**Work instructions**
Pictures aside, the data must be reproduced exactly.
----- Information shown
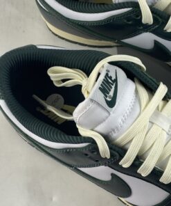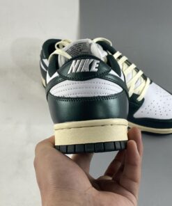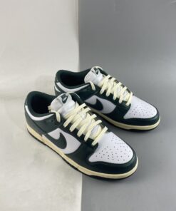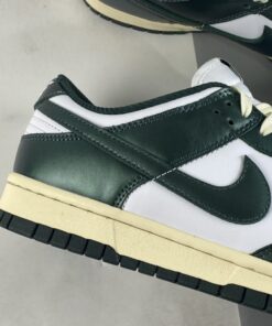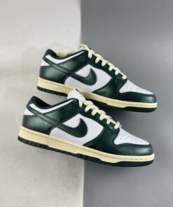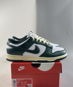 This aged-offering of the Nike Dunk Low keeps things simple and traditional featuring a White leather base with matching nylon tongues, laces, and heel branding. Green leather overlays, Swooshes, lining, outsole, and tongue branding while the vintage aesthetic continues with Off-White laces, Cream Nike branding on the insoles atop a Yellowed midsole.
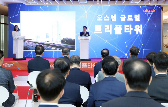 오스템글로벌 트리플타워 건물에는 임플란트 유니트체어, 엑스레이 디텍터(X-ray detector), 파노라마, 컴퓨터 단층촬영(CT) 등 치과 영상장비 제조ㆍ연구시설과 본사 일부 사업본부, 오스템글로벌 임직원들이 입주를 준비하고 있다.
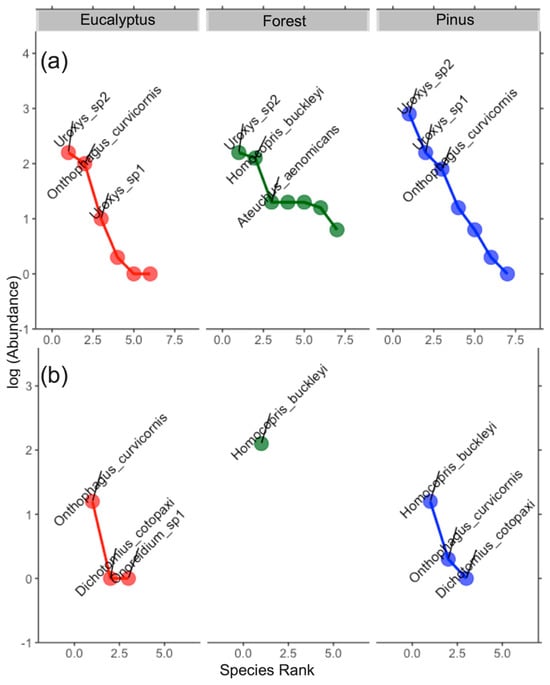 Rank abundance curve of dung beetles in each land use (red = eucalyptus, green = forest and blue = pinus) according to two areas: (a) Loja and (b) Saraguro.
----------
**Output**
 This aged-offering of the Nike Dunk Low keeps things simple and traditional featuring a White leather base with matching nylon tongues, laces, and heel branding. Green leather overlays, Swooshes, lining, outsole, and tongue branding while the vintage aesthetic continues with Off-White laces, Cream Nike branding on the insoles atop a Yellowed midsole.
 오스템글로벌 트리플타워 건물에는 임플란트 유니트체어, 엑스레이 디텍터(X-ray detector), 파노라마, 컴퓨터 단층촬영(CT) 등 치과 영상장비 제조ㆍ연구시설과 본사 일부 사업본부, 오스템글로벌 임직원들이 입주를 준비하고 있다.
 Rank abundance curve of dung beetles in each land use (red = eucalyptus, green = forest and blue = pinus) according to two areas: (a) Loja and (b) Saraguro.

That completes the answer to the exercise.